Open jaanli opened 2 months ago
In case further motivation is needed, here are the types of algorithms I need to benchmark: https://github.com/google-deepmind/xtr - the FAISS parts are here: https://github.com/google-deepmind/xtr/blob/main/xtr_evaluation_on_beir_miracl.ipynb
ds = 128
num_clusters = 50
code_size = 64
quantizer = faiss.IndexFlatIP(ds)
opq_matrix = faiss.OPQMatrix(ds, code_size)
opq_matrix.niter = 10
sub_index = faiss.IndexIVFPQ(quantizer, ds, num_clusters, code_size, 4, faiss.METRIC_INNER_PRODUCT)
index = faiss.IndexPreTransform(opq_matrix, sub_index)
index.train(all_token_embeds[:num_tokens])

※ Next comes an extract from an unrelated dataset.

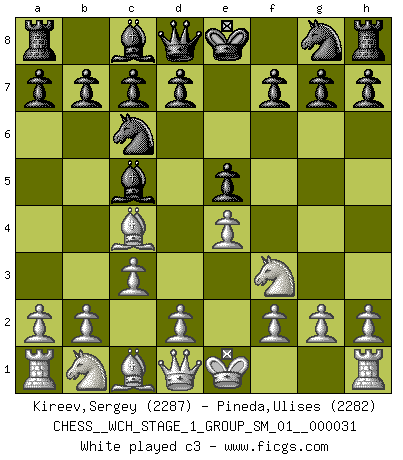 Last move : c3 2026 March 22 14:36:24 White clock - 32 days 20:18:00 Black clock - 32 days 07:35:57 [Event "FICGS__CHESS__WCH_STAGE_1_GROUP_SM_01__000031"] [Site "FICGS"] [Date "2026.03.20"] [Round "1"] [White "Kireev,Sergey"] [Black "Pineda,Ulises"] [Result "*"] [WhiteElo "2287"] [BlackElo "2282"] 1.e4 e5 2.Nf3 Nc6 3.Bc4 Bc5 4.c3 * Follow this game move after move (download)Chess is a sea in which a gnat may drink and an elephant may bathe. (Hindu proverb) Zeige mir drei Eröffnungsvarianten und ich beweise dir, dass zwei davon inkorrekt sind. (Emanuel Lasker) Debió haber existido una vez en que los hombres eran semidióses, de otra manera no hubiesen podido inventar el Ajedrez. (Gustav Schenk) Si le désir cupide (et stupide) de gagner est une inépuisable source de souffrance, une combinaison brillante sur l'échiquier est une découverte : le coquelicot qui s'épanouit lorsque apparaît la Voie Lactée. (Arrabal) There is a very easy way to return from a casino with a small fortune : go there with a large one. (Jack Yelton)

index.add(all_token_embeds[:num_tokens])
class FaissSearcher(object):
def __init__(self, index):
self.index = index
def search_batched(self, query_embeds, final_num_neighbors, **kwargs):
scores, top_ids = self.index.search(query_embeds, final_num_neighbors)
return top_ids, scores
self.searcher = FaissSearcher(index)
Such a benchmark would be super helpful to decide which in-browser use cases are flexible enough :)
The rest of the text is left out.